Create 35k Wagtail pages of Wikipedia film plots

Create Wagtail pages programmatically

This short recipe demonstrates how to create Wagtail pages programmatically. It may also be useful for testing Wagtail development against a reasonable volume of page data (about 35,000 film plots, from English Wikipedia).

Instructions

In a virtualenv:

pip install wagtail
wagtail start wagtailfilms
cd wagtailfilms
./manage.py migrate
./manage.py createsuperuser
./manage.py startapp films

add films to INSTALLED_APPS in wagtailfilms/settings/base.py

Edit films/models.py:

from django.db import models

from wagtail.models import Page
from wagtail.fields import RichTextField
from wagtail.admin.panels import FieldPanel


class FilmIndexPage(Page):
    pass


class FilmPage(Page):
    parent_page_types = ["films.FilmIndexPage"]

    release_year = models.IntegerField("Release year")
    director = models.CharField(max_length=250, blank=True)
    wiki_page = models.URLField()
    plot = RichTextField(blank=True)

    content_panels = Page.content_panels + [
        FieldPanel("release_year"),
        FieldPanel("director"),
        FieldPanel("wiki_page"),
        FieldPanel("plot", classname="full"),
    ]
    
    search_auto_update = False

Migrate the changes:

./manage.py makemigrations
./manage.py migrate
mkdir -p films/management/commands
touch films/management/commands/importfilms.py

Edit importfilms.py:

import csv
from django.core.management.base import BaseCommand
from wagtail.core.models import Page
from films.models import FilmIndexPage, FilmPage


class Command(BaseCommand):
    help = "Imports 35k film plots from Wikipedia"

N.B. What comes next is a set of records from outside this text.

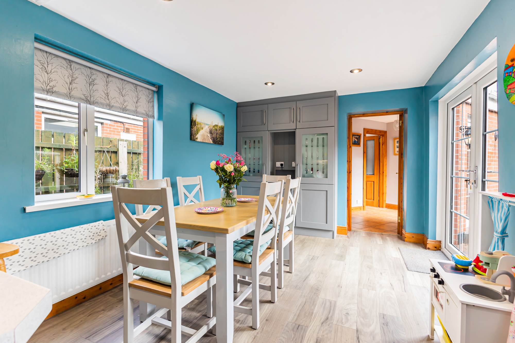 The ground floor begins with a welcoming entrance hall that leads into a bright and comfortable lounge, perfect for relaxing evenings. A second, separate living room offers additional space for entertaining, family use, or a home office. The heart of the home is the well appointed kitchen, which opens to a generous dining area, ideal for family meals and social gatherings. A useful utility room sits just off the kitchen, adding convenience and extra storage.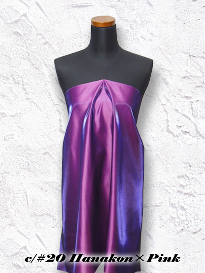 光沢感が特徴的なシャンブレー(縦糸と横糸の色が違う)のサテン素材です。 ※シャンブレー素材の為、角度により色の見え方が異なります。 ※ご注文の際は必ずサンプル帳・店頭ハンガーなどによる現物での確認をお願い致します。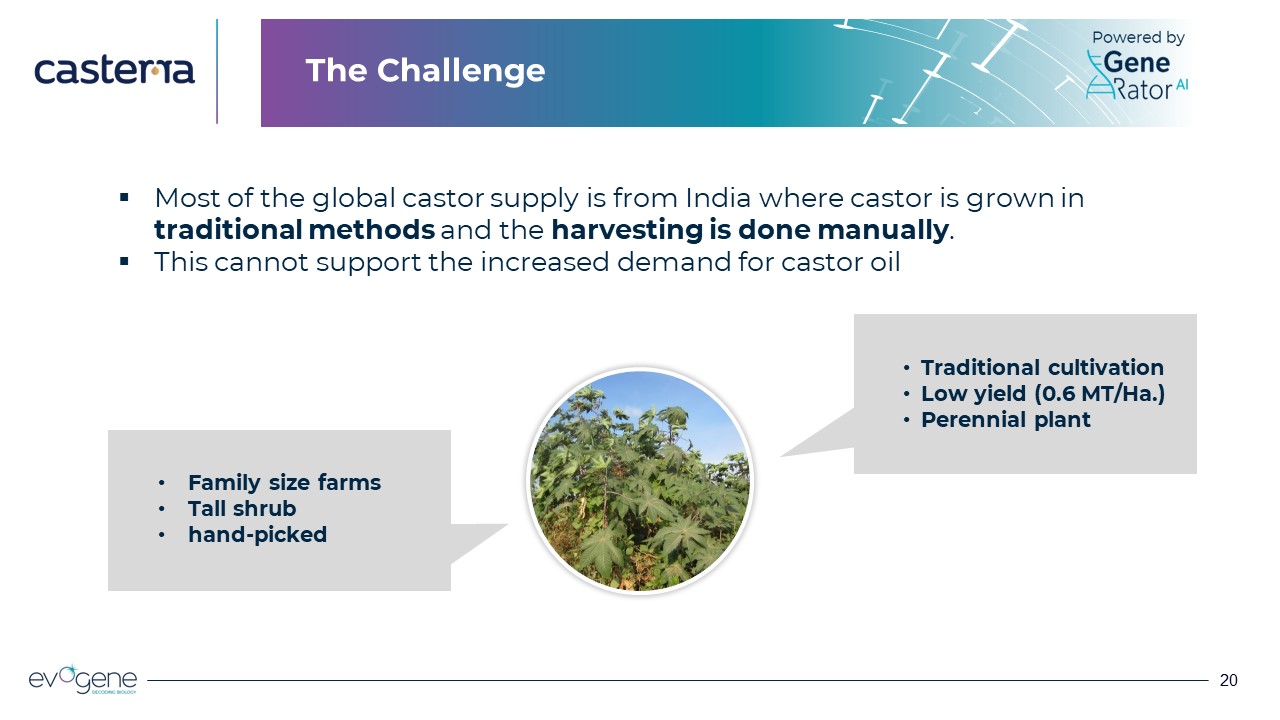 The Challenge  20  Family size farms  Tall shrub   hand-picked  Traditional cultivation  Low yield (0.6 MT/Ha.)  Perennial plant  Most of the global castor supply is from India where castor is grown in traditional methods and the harvesting is done manually.   This cannot support the increased demand for castor oil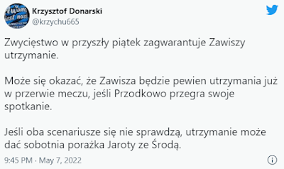 Zobaczymy jak Zawisza poradzi sobie w roli zdecydowanego faworyta grając przeciwko zdeterminowanemu rywalowi walczącemu o utrzymanie. Mecz już w piątek, więc warto szeroko nagłośnić temat wśród znajomych, żeby ludzie nie ocknęli się po fakcie.

    def handle(self, *args, **options):
        # delete existing film index pages and film pages
        FilmPage.objects.all().delete()
        FilmIndexPage.objects.all().delete()
        # create a film index page
        home = Page.objects.get(id=3)
        films_index_page = FilmIndexPage(title="Films")
        home.add_child(instance=films_index_page)
        films_index_page.save_revision().publish()
        # import film pages
        reader = csv.DictReader(open("wiki_movie_plots_deduped.csv"))
        for row in reader:
            film_page = FilmPage(
                title=row["Title"],
                release_year=row["Release Year"],
                director=row["Director"],
                wiki_page=row["Wiki Page"],
                plot=row["Plot"],
            )
            films_index_page.add_child(instance=film_page)
            film_page.save_revision().publish()
            print("published film page " + row["Title"])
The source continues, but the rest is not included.